Could you retype exactly the lines below between the one holding "Bouton de graduation" and the one holding "市第四人民医院中医内科主任刘永胜为患者做中医艾灸治疗。", inclusive, leaving out any pictures?

++++ Data shown ++++

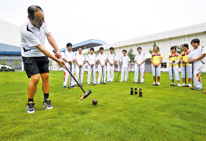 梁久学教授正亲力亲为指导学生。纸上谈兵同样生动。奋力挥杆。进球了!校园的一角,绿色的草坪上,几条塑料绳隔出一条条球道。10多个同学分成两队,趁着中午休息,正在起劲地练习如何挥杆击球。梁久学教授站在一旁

++++
++++ Data shown ++++

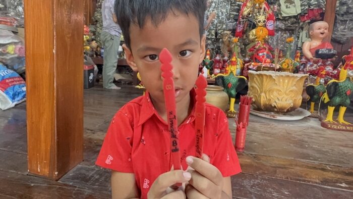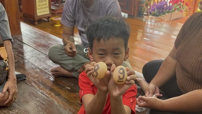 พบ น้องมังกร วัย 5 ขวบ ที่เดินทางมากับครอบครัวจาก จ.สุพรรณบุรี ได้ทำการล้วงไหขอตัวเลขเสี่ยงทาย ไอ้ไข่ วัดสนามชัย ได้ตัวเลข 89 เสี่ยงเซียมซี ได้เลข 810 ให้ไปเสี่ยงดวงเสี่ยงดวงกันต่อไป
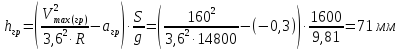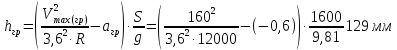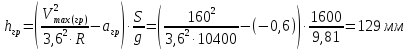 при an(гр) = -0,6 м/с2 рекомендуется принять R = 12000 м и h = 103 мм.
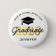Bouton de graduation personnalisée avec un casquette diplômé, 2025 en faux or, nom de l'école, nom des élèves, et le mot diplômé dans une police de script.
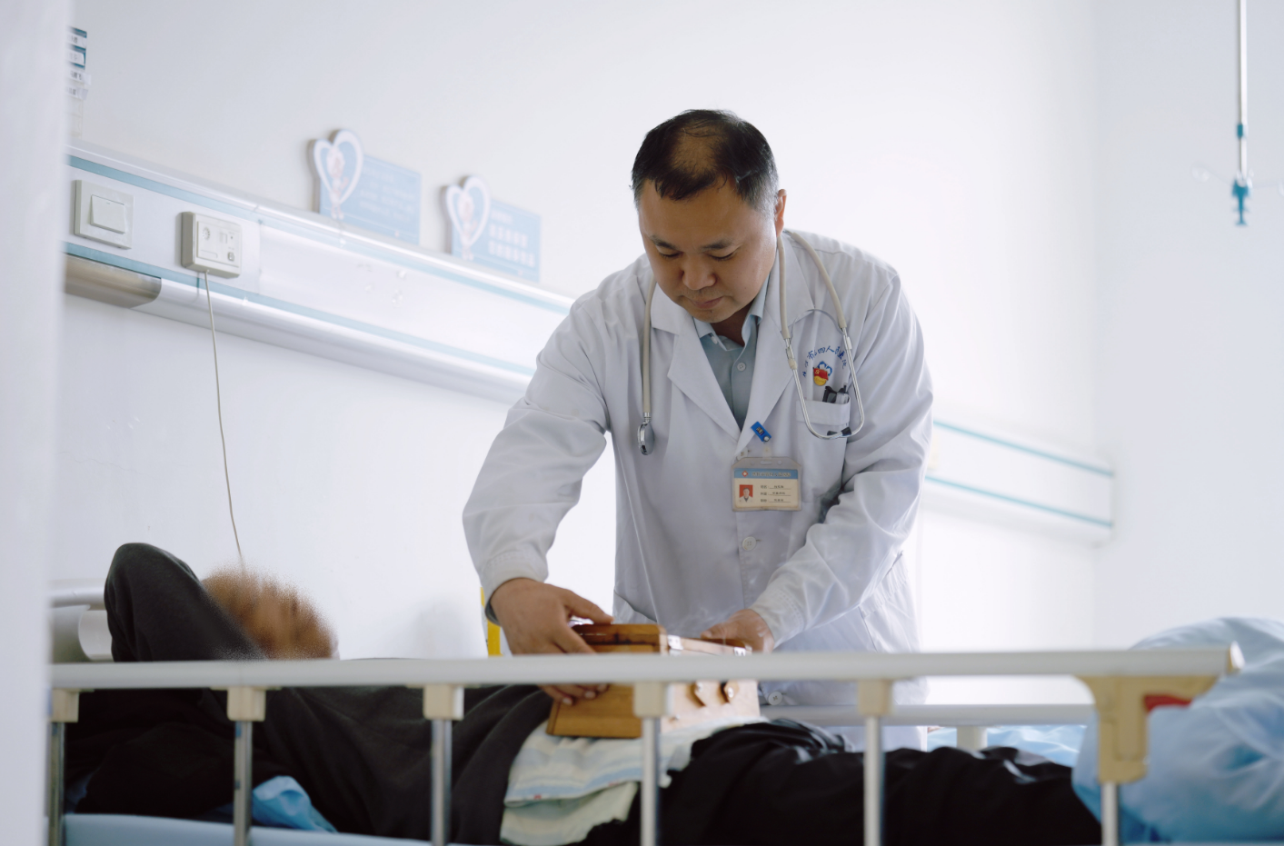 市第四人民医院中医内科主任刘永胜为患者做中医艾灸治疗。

++++

Answer below:
Bouton de graduation personnalisée avec un casquette diplômé, 2025 en faux or, nom de l'école, nom des élèves, et le mot diplômé dans une police de script.
 市第四人民医院中医内科主任刘永胜为患者做中医艾灸治疗。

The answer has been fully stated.